## REQUIRED WORK
Beginning with the line that has "而涉及稀有金属行业,就不得不" and ending with the line that has "Parts for Huskee", retype the entries below exactly, except for the pictures.

## EXTRACTED ENTRIES

──────────

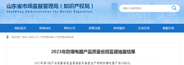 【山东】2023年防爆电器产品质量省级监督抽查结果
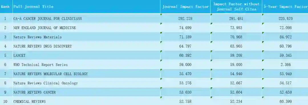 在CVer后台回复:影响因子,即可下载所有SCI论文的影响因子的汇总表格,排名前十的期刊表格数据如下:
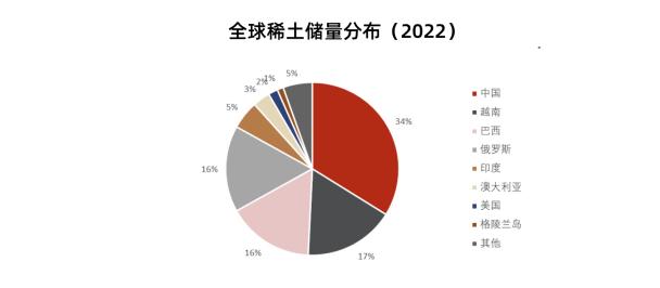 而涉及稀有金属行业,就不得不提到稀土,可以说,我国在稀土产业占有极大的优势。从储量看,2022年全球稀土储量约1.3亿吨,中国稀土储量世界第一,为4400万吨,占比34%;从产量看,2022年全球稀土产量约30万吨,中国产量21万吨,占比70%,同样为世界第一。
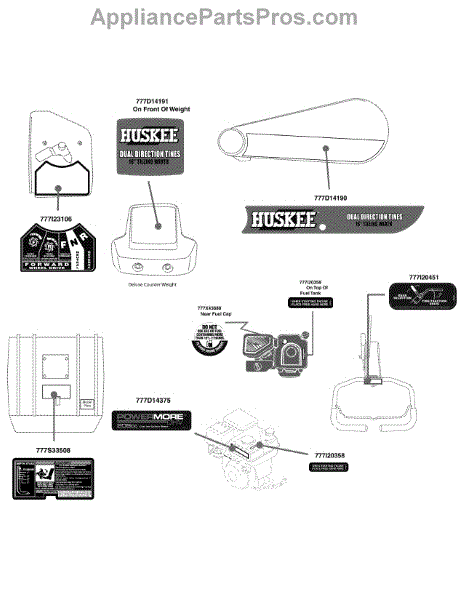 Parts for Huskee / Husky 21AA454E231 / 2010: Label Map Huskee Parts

──────────

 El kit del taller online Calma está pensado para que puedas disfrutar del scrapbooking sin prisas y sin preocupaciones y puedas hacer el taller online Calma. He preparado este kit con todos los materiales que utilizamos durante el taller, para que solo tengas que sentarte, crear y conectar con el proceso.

──────────

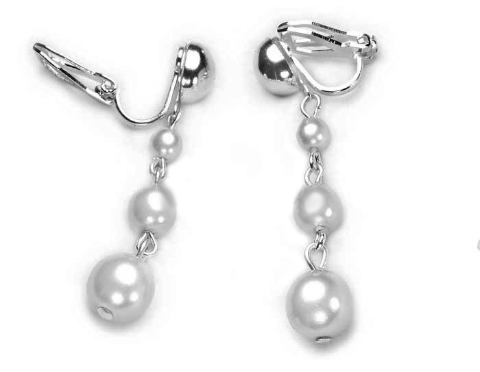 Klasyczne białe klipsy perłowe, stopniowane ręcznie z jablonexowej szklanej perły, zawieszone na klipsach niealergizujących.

──────────

## YOUR SOLUTION
 而涉及稀有金属行业,就不得不提到稀土,可以说,我国在稀土产业占有极大的优势。从储量看,2022年全球稀土储量约1.3亿吨,中国稀土储量世界第一,为4400万吨,占比34%;从产量看,2022年全球稀土产量约30万吨,中国产量21万吨,占比70%,同样为世界第一。
 Parts for Huskee / Husky 21AA454E231 / 2010: Label Map Huskee Parts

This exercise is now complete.